Dopo Genova e La Spezia, la cosiddetta congestion fee — un contributo economico volto a compensare i costi indiretti legati a ritardi, attese e disservizi nei porti — si estende ad altri tre scali italiani. Dal 3 giugno è entrata in vigore a Marghera, dal 16 giugno a Vado Ligure e dal 1° luglio è la volta di Livorno. La decisione è stata formalizzata tramite comunicazioni congiunte inviate alle rispettive Autorità di sistema portuale e alla committenza da parte delle principali associazioni dell’autotrasporto.
Secondo le associazioni firmatarie, l’introduzione della congestion fee è una misura inevitabile per far fronte a oneri e criticità sopportati dai soli autotrasportatori e il cui scopo è quindi redistribuire tali costi lungo tutta la filiera logistica, coinvolgendo anche altri attori, come spedizionieri, operatori logistici e terminalisti.
Tra le voci critiche rispetto a questa situazione vi è quella di Assologistica. “L’introduzione da parte delle imprese di autotrasporto dell’addizionale congestion fee applicata a tutti i trasporti,” commenta il segretario generale Jean Francois Daher, “se da un lato è finalizzata a compensare i costi indiretti legati ai ritardi e alle criticità operative, dall’altro rende ancora più critico un positivo sviluppo competitivo dell’operatività portuale colpendo proprio le imprese che investono e creano occupazione come i terminalisti portuali. Siamo pertanto preoccupati, perplessi e nettamente contrari all’iniziativa.”

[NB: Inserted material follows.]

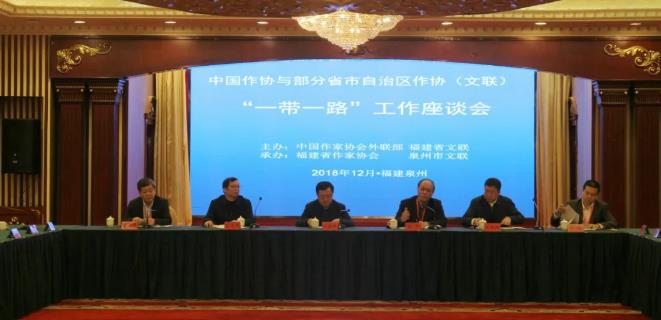 12月18日至21日,由中國作家協(xié)會(huì)外聯(lián)部和福建省文學(xué)藝術(shù)界聯(lián)合會(huì)主辦,福建省作家協(xié)會(huì)和泉州市文學(xué)藝術(shù)界聯(lián)合會(huì)共同承辦的中國作協(xié)與部分省市自治區(qū)作協(xié)(文聯(lián))“一帶一路”工作座談會(huì)在福建泉州召開。會(huì)議旨在深入學(xué)習(xí)領(lǐng)會(huì)習(xí)近平總書記提出的“一帶一路”倡議的重要意義,交流、總結(jié)過去幾年來,中國作協(xié)和有關(guān)地方作協(xié)文聯(lián)組織作家服務(wù)“一帶一路”建設(shè)的經(jīng)驗(yàn)和做法,理清思路,集思廣益,找準(zhǔn)中國作協(xié)組織,服務(wù)“一帶一路”建設(shè)的切入點(diǎn),發(fā)力點(diǎn),采取操作性強(qiáng)的辦法,探索有效的途徑,在推動(dòng)文明互學(xué),促進(jìn)民心相通和構(gòu)建人類命運(yùn)共同體的實(shí)踐中發(fā)揮文學(xué)的獨(dú)特作用。

Tuttavia il tema ha valenza più strutturale e sistemico. “La congestione nei porti – spiega ancora Daher - coinvolge non solo gli autotrasportatori, bensì tutti gli operatori della filiera, dagli operatori logistici ai gestori delle infrastrutture che lavorano coi porti. Il problema incide quindi sull'intera catena di approvvigionamento e sulla pianificazione dei trasporti a livello più ampio. Di qui la necessità di risolverlo in modo sistemico e complessivo”.